THE PROBLEM> Please transcribe, word for word, only the lines from the one containing "廣東好太太集團作為行業的領軍" through the last line of the records below, both included, and leave out every picture.
*** SUPPLIED MATERIAL
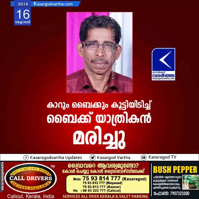 Keywords:  Kerala, Nileshwaram, news, Car, Bike, Accident, Death, Bike rider dies in accident
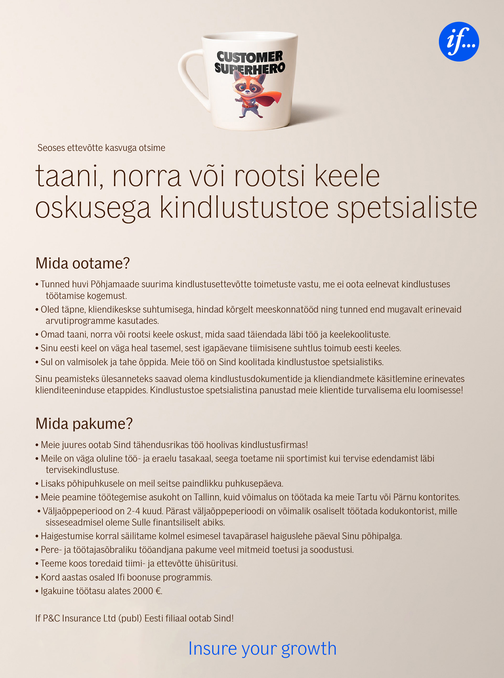 If P&C Insurance on Põhjamaade juhtiv kahjukindlustusselts, kellel on Põhjamaades ja Baltikumis kokku üle 3,6 miljoni kliendi. Balti riikides on If juhtiv ühe kaubamärgi all tegutsev kahjukindlustaja, kes pakub mitmekülgseid kindlustuslahendusi üle 310 000 era- ja ärikliendile Balti riikides. If kuulub Põhjamaade kahjukindlustusgruppi If P&C Insurance Holding Ltd, mille omanik on Sampo Plc. Lisainformatsioon aadressilt www.if.ee.
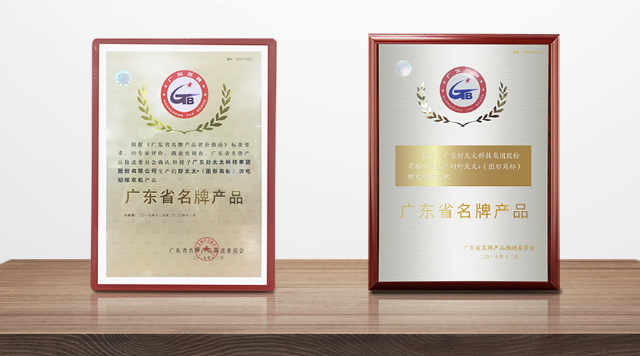 廣東好太太集團作為行業的領軍品牌,19年堅持用匠心智造好產品,堅守好品質,連續3年蟬獲“廣東省名牌產品”稱號,是社會各界對集團品牌產品的高度認可,也是集團品牌力量的實力見證。
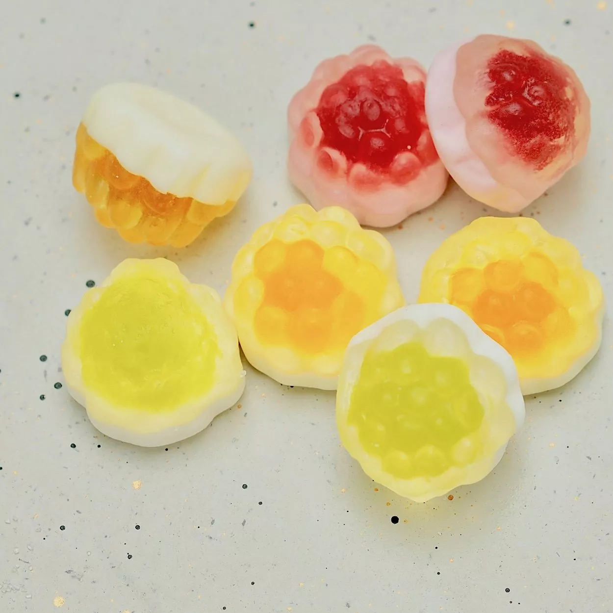 Glukosesirup, Zucker, Dextrose, Gelatine, Fruchtpflanzenkonzentrat: (Himbeere, Mango, Orange, Karotte, Brennnessel, Spinat, Hibiskus, Zitrone, Distel), Säureregulatoren: (Zitronensäure, Milchsäure), Aromastoffe, Oberflächenbehandlung: (Bienenwachs, Carnaubawachs), Antioxidantien. |
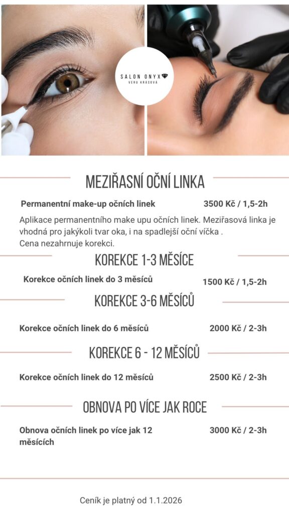 Meziřasní linka je diskrétní a velmi přirozená forma permanentního make-upu, která jemně zvýrazní oči tím, že pigmentujeme linku přímo mezi řasami.
******
SOLVED EXERCISE>
 廣東好太太集團作為行業的領軍品牌,19年堅持用匠心智造好產品,堅守好品質,連續3年蟬獲“廣東省名牌產品”稱號,是社會各界對集團品牌產品的高度認可,也是集團品牌力量的實力見證。
 Glukosesirup, Zucker, Dextrose, Gelatine, Fruchtpflanzenkonzentrat: (Himbeere, Mango, Orange, Karotte, Brennnessel, Spinat, Hibiskus, Zitrone, Distel), Säureregulatoren: (Zitronensäure, Milchsäure), Aromastoffe, Oberflächenbehandlung: (Bienenwachs, Carnaubawachs), Antioxidantien. |
 Meziřasní linka je diskrétní a velmi přirozená forma permanentního make-upu, která jemně zvýrazní oči tím, že pigmentujeme linku přímo mezi řasami.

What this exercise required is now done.